There’s a bit to unpack here so let’s look at at the lambda function first. Narwhals can translate a Pandas DataFrame to a Narwhals DataFrame with its from_native() function. After that initiating step, you’re free to use the Narwhals API (which is modeled on a subset of the Polars API) to do the necessary data transformation. In this case, we are getting the medians of the c and a columns and ending up with a one-row, two-column table.

The goal is to check that the median value of c is greater than the corresponding median of column a, so we set up columns= and value= parameters in that way within the col_vals_gt() validation method call.

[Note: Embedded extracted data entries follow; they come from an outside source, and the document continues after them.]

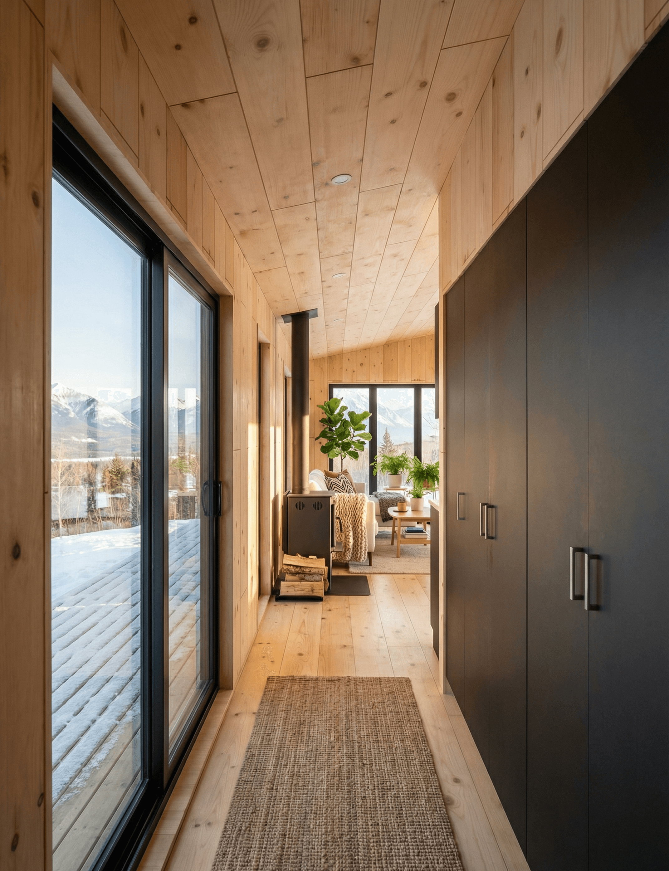 Stepping inside, the cabin opens into a narrow entry hallway with floor-to-ceiling black built-in storage on one side and a black-framed sliding glass door on the other. It's a practical transition zone that keeps outdoor gear out of the living space and creates a clear sense of arrival before the plan opens up ahead.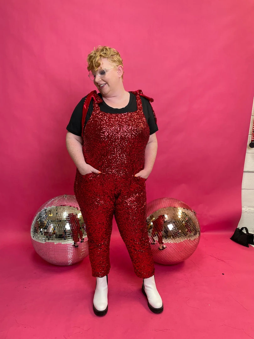 Our party jumpsuit  -red adjustable tie sequin jumpsuit with pockets.Â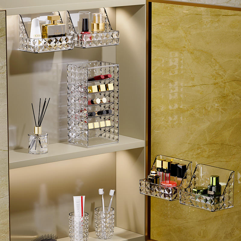 塑料化妆存储盒带有可和调节的分隔层,允许您根据需要定制空间。分隔层的灵活性使其能够轻松容纳各种化妆品,从小刷子到高瓶子,提供定制的解决方案。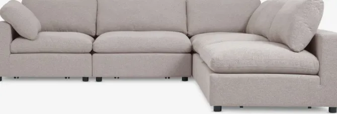 Modulsofa med 5 moduler, som kan tilpasses til netop dit rum. 3 midtermoduler og 2 hjørne-/endemoduler: Stof. Sæde- og ryghynder i skum.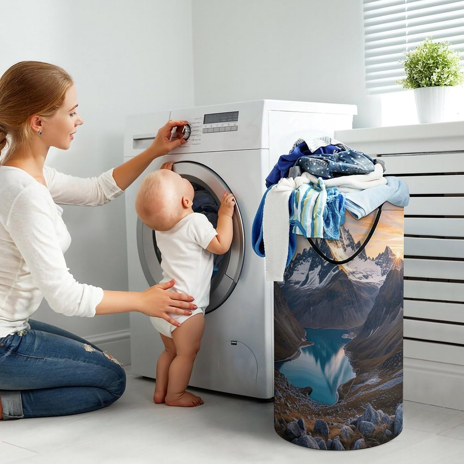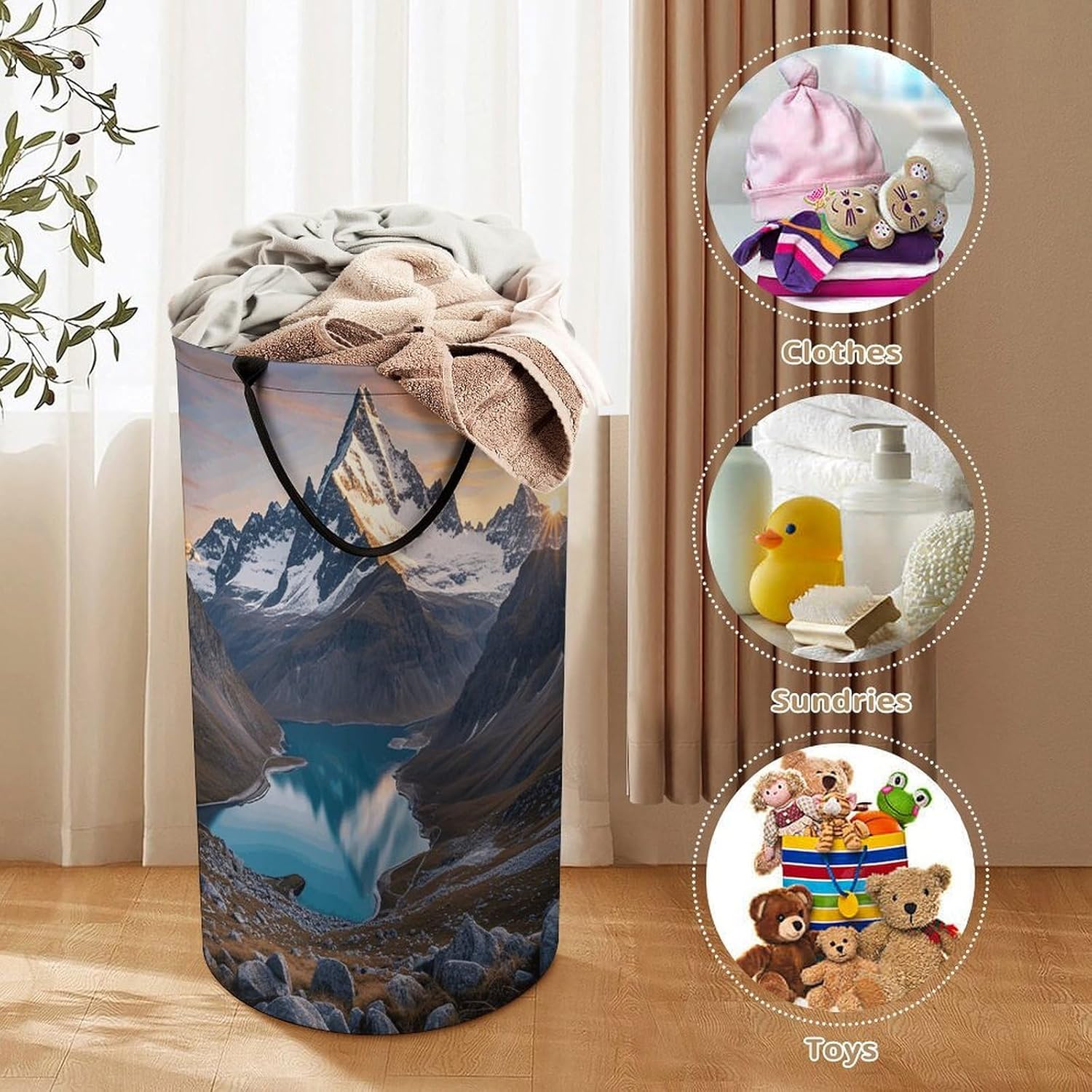 Tired of messy piles of dirty clothes cluttering your bedroom, bathroom, or laundry room? Meet your new organizational essential: the Large Collapsible Laundry Hamper, designed to blend functionality, and style seamlessly into your daily life. Whether you're a busy parent, or a frequent traveler, this versatile hamper Dirty clothes hamper clothes hampers for laundry Large Tall Clothes Basket Bin Decor Storage of Dirty Clothes is crafted to simplify your routine and elevate your space.With its generous size, this hamper easily handles a week's worth of laundry for individuals or small families, eliminating the hassle of multiple trips to the washing machine. From bulky sweaters and bed linens to towels and clothes, Removable Laundry Bags Laundry Hamper Bag Large Laundry Basket effortlessly accommodates all types of fabrics. Say goodbye to overflowing baskets and hello to a tidier, more organized home.More than just a Foldable Washing Bin Collapsible Laundry Bag Sunrise Mountain laundry basket, this hamper adds a touch of modern elegance to any room. Its neutral, minimalist design complements bedrooms, bathrooms, closets, RVs, campers dorms. Use Waterproof Washing Bin Decorative Tall Hamper Large Storage Basket to store blankets, or seasonal items, its versatility knows no bounds.

Swapping in Different DataFrames Just in Time

Let’s now try to prepare the final validation scenario, checking that there are at least three instances of every categorical value in column f (which contains string values in the set of "low", "mid", and "high"). This time, we’ll prepare the transformed table (transformed by Polars expressions) outside of the Pointblank code. Then, we’ll plug in the data_transformed DataFrame with in lambda expression in pre=:

data_original = pb.load_dataset("small_table")
data_transformed = data_original.group_by("f").len(name="n")

v = (
    pb.Validate(
        data=pb.load_dataset("small_table"),
        tbl_name="small_table",
        label="Category counts",
    )
    .col_vals_ge(columns="n", value=3, pre=lambda x: data_transformed)
    .interrogate()
)

We can see from the validation report table that there are three test units. This corresponds to a row for each of the categorical value counts. From the report, we find that two of the three test units are passing test units (turns out there are only two instances of "mid" in column f).